I think I largely agree with the spirit here. I definitely think p-values have issues and in particular they way they have arguably contributed to publication bias is a highly reasonable criticism. That said, I think people like to make these “methodological” critiques more for philosophical than statistical reasons. In practice, we definitely should expect the application of all methods is going to have issues and be highly imperfect. So I agree that it makes sense to have a practical, “all methods are flawed, some are useful” view of things.
This is a valid concern. I’m new here and just going through the sequences (though I have a mathematics background), but I have yet to see a good framing of bayesian/frequentist debate as maximum likelihood vs maximum a-posteriori. (I welcome referrals)
Yes, there is a methodological critique to strict p-value calculations, but in the absence of informative priors p values are a really good indicator for experiment design. I feel that in hyping up Bayesian updates people are missing that and not offering a replacement. The focus on methods is a strength when you are talking about methods.
I’m definitely not representative of lesswrong in my my views above I don’t think. In fact in some sense I think I’m shadowboxing with lesswrong in some of my comments above, so sorry about any confusion that introduced.

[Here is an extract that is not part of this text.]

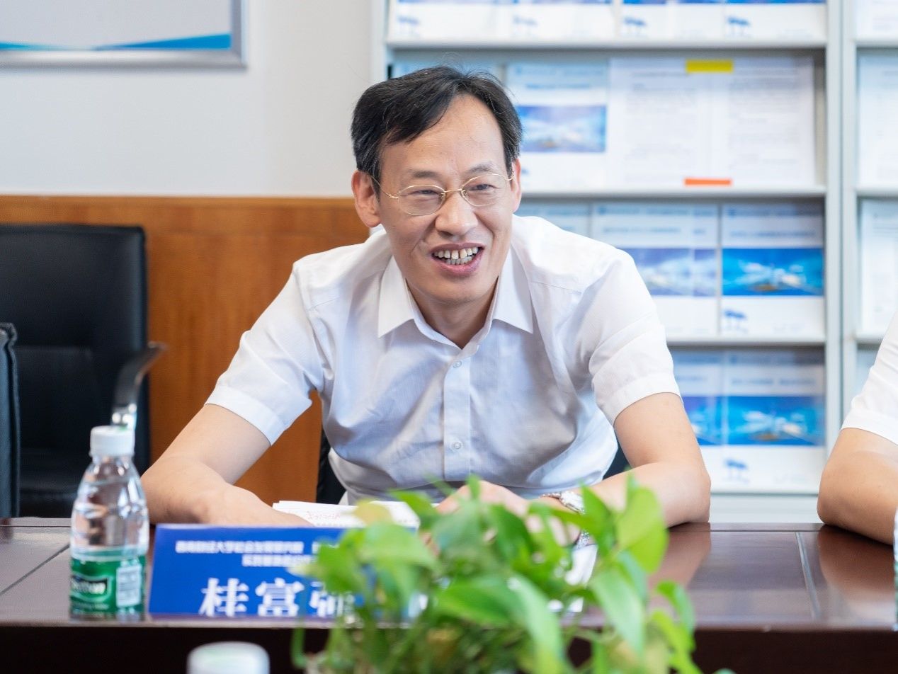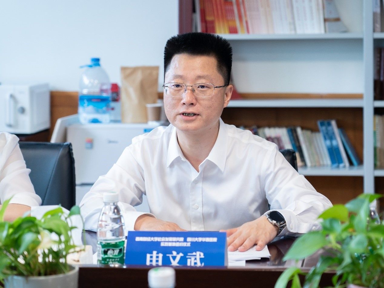 桂富强首先对申文武一行表示热烈欢迎,介绍了学校历史沿革和基本情况。他表示,要充分发挥西南财经大学的专业优势,与四川大学华西医院一起促进老年学、社会学、医学、心理学、健康学等方向的交叉融合、理论创新。要积极组织学校师生与四川大学华西医院的专家教授形成跨专业的合作团队,共同服务群众切实需要。要以人才培养为核心,双方协同构建医务社工人才培养体系。希望在双方的共同努力下,以服务健康中国建设、积极老龄化国家战略为己任,以服务决策咨询、理论研究和人才培养为重要任务,早日建成集服务决策、学术创新、培养人才为一体的高水平实践基地。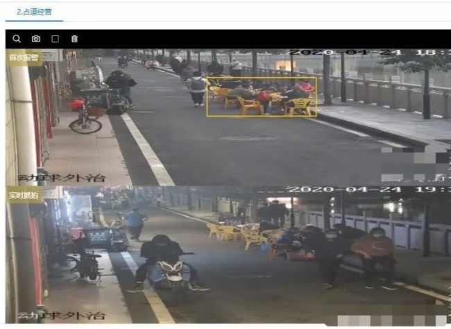 4月24日下午,视频智能分析系统自动识别到一处疑似占道经营的现场。通讯员供图

I don’t think I’ve ever seen maximum likelihood vs maximum a-posteriori discussed on lesswrong, and I’m kind of just griping about it! I don’t have a references off to top of my head but I recall this appearing in debates elsewhere (i.e. not on lesswrong) like in more academic/stats settings. I can see if I can find examples. But in general it addresses an estimation perspective instead of hypothesis testing.
I think I’m in agreement with you here. My “methodological” was directed at what I view as a somewhat more typical lesswrong perspective, similar to what is expressed in the Eliezer quote. Sure, if we take some simple case we can address a more philosophical question about frequentism vs bayesianism, but in practical situations there are going to so many analytical choices that you could make that there are always going to be issues. In an actual analysis you can always do stuff like look at multiple versions of an analysis and trying to use that to refine your understanding of a phenomenon. If you fix the likelihood but allow the data to vary then p-values are likely to be highly correlated with possible alternatives like bayes factors, a lot of the critiques I feel are focused on making a clean philosophical approach while ignoring the inherent messiness that would be introduced if you ever want to infer things from reasonably complicated data or observations. I don’t think swapping likelihood ratios for p-values would sudden change things all that much, a lot of the core difficulties of inferring things from data would remain.